Sometimes I think those of us who have struggled with eating disorders have a radar that non-eating disordered people don't have: for Drummond and myself, seeing a confessed bulimic in a bikini on the cover of a fitness magazine, surrounded by articles on how to blast fat and cut calories, sets off a ton of alarm bells: the entire push of magazines like Shape and Self is that thin=healthy, and that weight loss=fitness, two very warped ideas of both health and body image that are dissected pretty handily during ED treatment. It's a tough call to make, honestly, regarding McPhee: on one hand, you have to give her credit for feeling confident enough in her body to open up to a health magazine, but on the other hand, it's pretty infuriating—not at McPhee, mind you, but at the illness in general—that she's standing amongst a sea of “lose weight now,” and “drop that ab flab” bullshit.

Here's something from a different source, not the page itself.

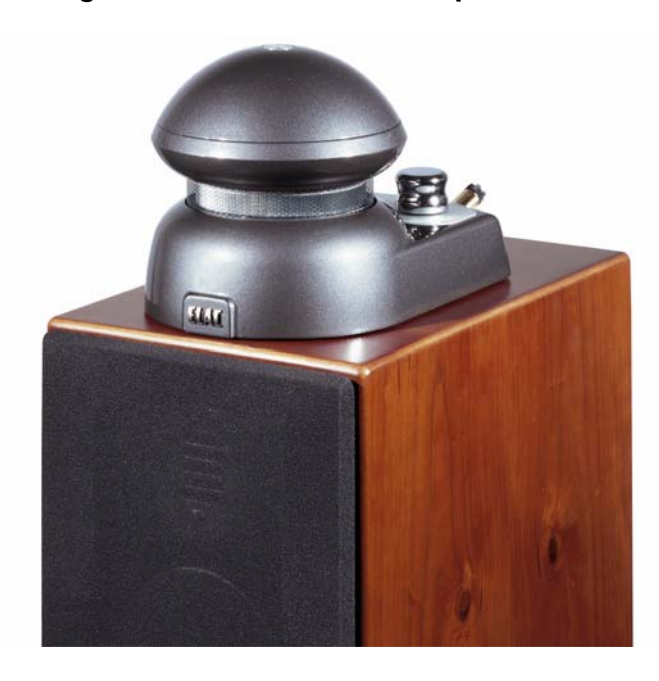
New 4 PI PLUS.2 on bookshelf speaker BS 204.2

That said, Katharine McPhee is not the Queen of Eating Disorder Recovery, and as with any recovering anorexic or bulimic, the choices she makes to continue along a healthy path are her own. But I'm with Drummond in that I find it both sad and irritating that someone who knows the disease, it's triggers, and the media bullshit that surrounds it would willingly participate in the promotion of skewed health and body image ideals, something that's troubling not only for ED sufferers who may be reading McPhee's article, but also for McPhee herself: “As anyone who has recovered from an eating disorder knows,” Drummond writes, “the last thing – the very last thing – one should focus on is their bikini body, and, by extension, their weight or their size.”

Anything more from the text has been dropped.